John Harrison (now in his seventies) and William worked on a fifth timekeeper (H5), while Kendall made good progress on his copy of H4.   Kendall's watch, now known as K1, was completed in 1769 and inspected in early 1770 by the same panel that had examined H4.   William Harrison was also present and admitted that the copy was exceptional.   The Board of Longitude was asked to consider H5 and K1 as the two copies of H4, but told John and William, in no uncertain terms, that both copies of H4 should be made by the Harrisons.

John, now 79 years old, made an appeal to the highest authority in Britain.   On 31 January 1772, an approach was made to King George III, via a letter to his private astronomer at Richmond, Dr Stephen Demainbray.   William was summoned for an interview with the King himself, at which the King is said to have remarked Ò these people have been cruelly wronged..., and By God, Harrison, I will see you righted!Ó

H5 was put on trial by the King himself in 1772, and performed superbly.   The Board of Longitude, however, refused to recognise the results of this trial, so John and William petitioned Parliament.   They were finally awarded £8,750 by Act of Parliament in June 1773.   Perhaps more importantly, John Harrison was finally recognised as having solved the longitude problem.

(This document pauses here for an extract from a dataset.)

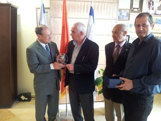 בתמונה: יו"ר סניף אשקלון מעניק לראש העירייה מגן הוקרה

In the meantime, Captain Cook had set out on his second voyage of discovery with K1, Kendall's copy of H4.   He returned in July 1775, after a voyage of three years, which ranged from the Tropics to the Antarctic.   The daily rate of K1 never exceeded 8 seconds (corresponding to a distance of 2 nautical miles at the equator) during the entire voyage.   It is not known for certain whether Harrison knew of this success, but Cook's voyage proved beyond doubt that longitude could be measured from a watch.

John Harrison died almost one year after Cook's return, on 24 March 1776, in his house at Red Lion Square, London. It was his 83rd birthday.